When you buy Windows Vista, you’ll be purchasing a product that is, to borrow a phrase from the anti-DRM guys, defective by design.

Microsoft announced enhanced anti-piracy measures for Windows Vista today. If Vista detects a pirated computer, it will lock down your system to a reduced functionality mode after a certain amount of time. And lock-down means the following: critical applications like Microsoft Office will refuse to start, and you’ll be limited to browsing the Web for one hour a day. This despite the fact that their current WGA program has been known to produce a high rate of false positives (detecting your software as pirated even when it’s not). And once your computer is locked down, your choices are either to go online and purchase a valid key; or, if you’re running genuine software, prove it to Microsoft support who will then hopefully activate it for you.
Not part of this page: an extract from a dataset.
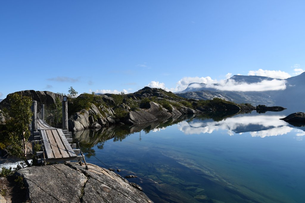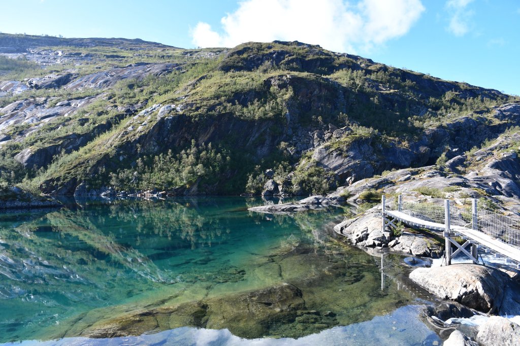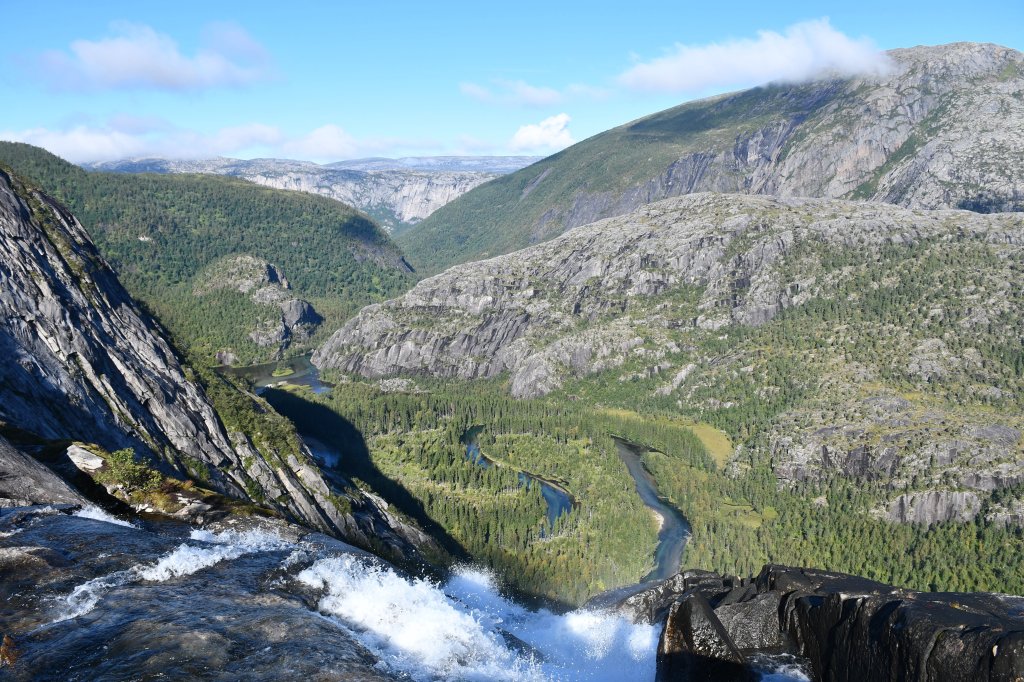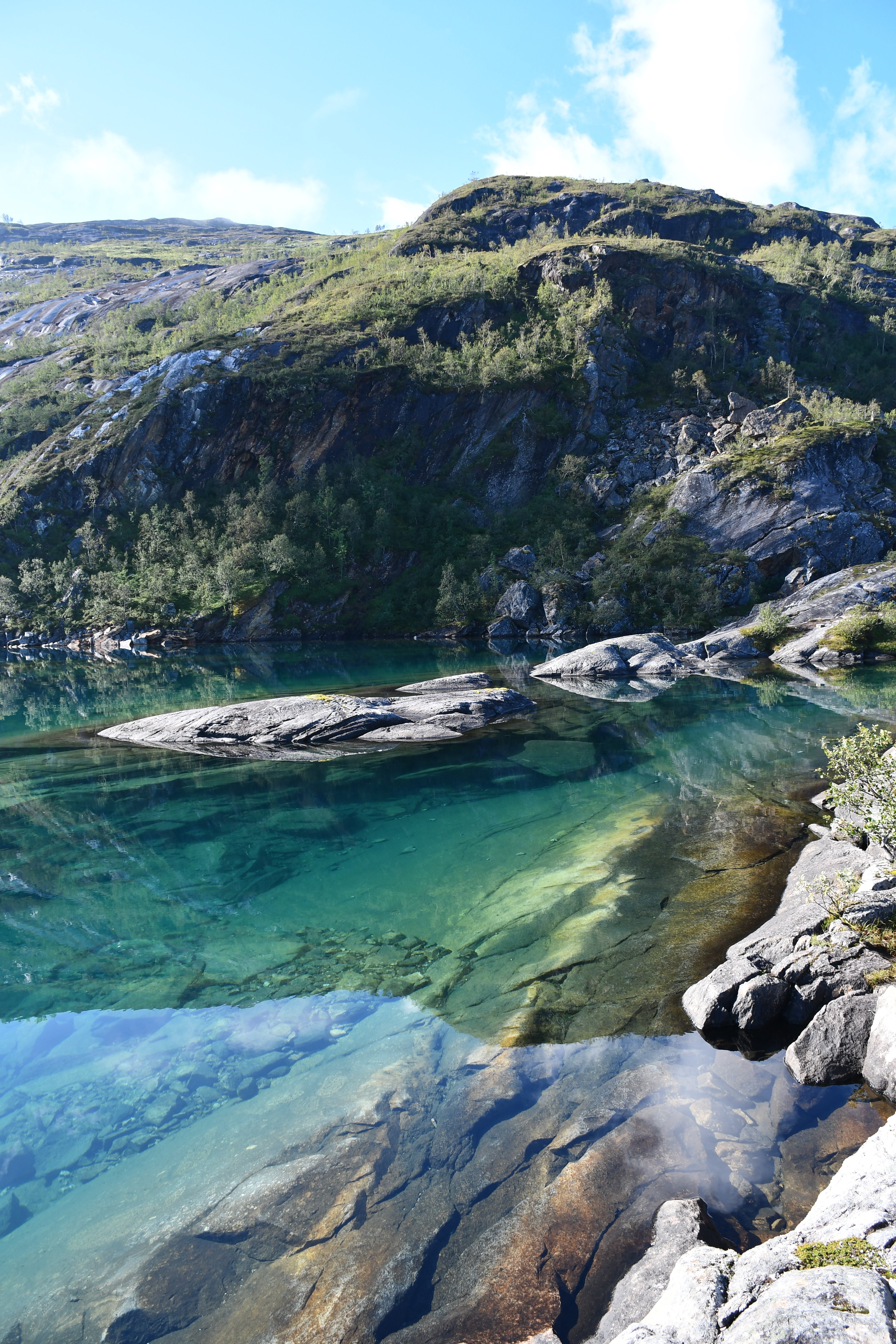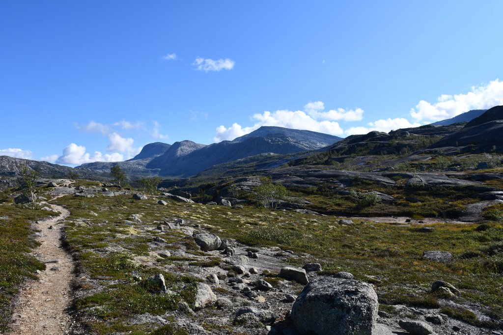 Die Entscheidung die Tour um einen Tag auf den sonnigen Freitag zu verschieben ist am Ende ein Goldgriff. Auf den anspruchsvollen knapp 24km bei 2400 Höhenmetern fällt mir ein ums andere Mal die Kinnlade herunter. Norwegen zeigt sich von seiner besten Seite. Natur pur. Unglaublich beeindruckende Aussichten, Bergseen mit Wasserfällen, grüne Täler mit naturbelassenen Flüssen die sich umherschlängeln und natürlich tolle Berglandschaften wohin das Auge blickt. Ein absolutes Highlight auf meiner Reise!

For the first time, your computer, all your data on it, and the computer’s very operation are at the mercy of Microsoft. If Microsoft feels that your OS is pirated, you will not be able to edit or view that presentation you were working on – even though that is unequivocally your own work. Whether you have an urgent assignment to submit tomorrow or you’re trying to save a patient’s life now – Vista will not care. And since the company has indicated an intent to deliberately break your system, you depend only on their good will to not interfere more drastically with it.

The dictionary should have a new definition of irony.

In our society, if you’re accused of killing another human being, you’re innocent until proven guilty. If you’re accused of having illegitimate software, you’re guilty until proven innocent.

…I can only show you the door. You’re the one who has to walk through it.